Своего металла не было. Топоры и мачете привозили из Северной Америки. В домах туземцев не было ни одного гвоздя. Все скрепляли веревками и лианами.

Наблюдая процесс приготовления пищи, Воейков как бы переносился в доисторические времена. Женщины растирали маисовые зерна между двумя камнями, делали из получаемой таким образом грубой муки лепешки — «тортильяс» — и пекли их в золе. Вся эта работа так утомительна, что женщина с трудом успевала за день приготовить лепешки для семьи из четырех человек. Поэтому женщины не участвовали в полевых работах.

По уровню материальной культуры индейцы Центральной Америки уступали даже африканским племенам.
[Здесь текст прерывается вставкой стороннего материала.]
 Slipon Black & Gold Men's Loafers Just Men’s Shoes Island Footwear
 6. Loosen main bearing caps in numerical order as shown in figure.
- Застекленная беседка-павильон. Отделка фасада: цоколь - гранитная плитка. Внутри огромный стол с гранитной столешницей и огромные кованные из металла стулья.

Те умели обрабатывать железо, пользовались ручными мельницами.

На асиендах работали наследственные рабы — пеоны. Раньше существовал закон, согласно которому рабочий, получивший от землевладельца ссуду, должен ее отработать и может быть отпущен только после погашения долга. Однако хозяева задерживали рабочих, записывая за ними все новые долги, чаще вымышленные. Эта мошенническая операция проделывалась довольно легко из-за поголовной неграмотности рабочих.
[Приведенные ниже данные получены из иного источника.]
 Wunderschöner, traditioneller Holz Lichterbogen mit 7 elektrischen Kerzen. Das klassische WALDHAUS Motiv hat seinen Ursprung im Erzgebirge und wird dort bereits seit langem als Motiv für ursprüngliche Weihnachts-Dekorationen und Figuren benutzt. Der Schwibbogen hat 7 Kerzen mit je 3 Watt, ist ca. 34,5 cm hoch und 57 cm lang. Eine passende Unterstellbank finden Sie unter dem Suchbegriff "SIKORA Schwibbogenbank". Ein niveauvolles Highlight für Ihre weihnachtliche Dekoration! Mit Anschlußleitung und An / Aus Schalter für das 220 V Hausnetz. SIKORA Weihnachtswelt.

Перейти к другому хозяину рабочий мог только в том случае, если новый хозяин выкупал его у старого. И тогда пеон попадал в рабство к новому хозяину[18].

С невольным раздражением просматривал Воейков мексиканские газеты, заполненные разглагольствованиями либералов: «свобода, незыблемые права человеческой личности, прогресс, культура»! Какое пустословие! Какое лицемерие!

— Свобода в стране, где… существует пеонаж! Прогресс в государстве, правительство которого не ударяет палец о палец для того, чтобы хоть чем-нибудь помочь населению, — возмущался Воейков. — Вместо того чтобы произносить громкие речи о политических правах, общественным деятелям Мексики следовало бы снабдить мексиканских женщин хотя бы ручными мельницами.

Из Паленке Александр Иванович совершил экскурсию к знаменитым развалинам древнего индейского города. Эти развалины были обнаружены в середине XVIII века, но испанцы не проявляли к ним ни малейшего интереса. Настойчивость русского ученого побудила нескольких местных интеллигентов принять участие в поездке. Выехали после обеда, рассчитывая к вечеру преодолеть все расстояние — пятнадцать километров. Но дорога оказалась почти непроезжей. Местами она заросла кустарником. Колеса то и дело проваливались в ямы. Приходилось с помощью мачете прорубать путь среди зарослей.

вернуться

18

Маркс так пишет о пеонаже: «В некоторых странах, особенно в Мексике… рабство существует в скрытой форме, в виде так называемого «пеонажа». При помощи ссуд, которые подлежат возвращению отработками, причем обязательства переходят из поколения в поколение, не только отдельный рабочий, но и вся его семья становится фактически собственностью другого лица и его семьи» («Капитал», т. I, гл. IV, стр. 174, изд. 1955 г.).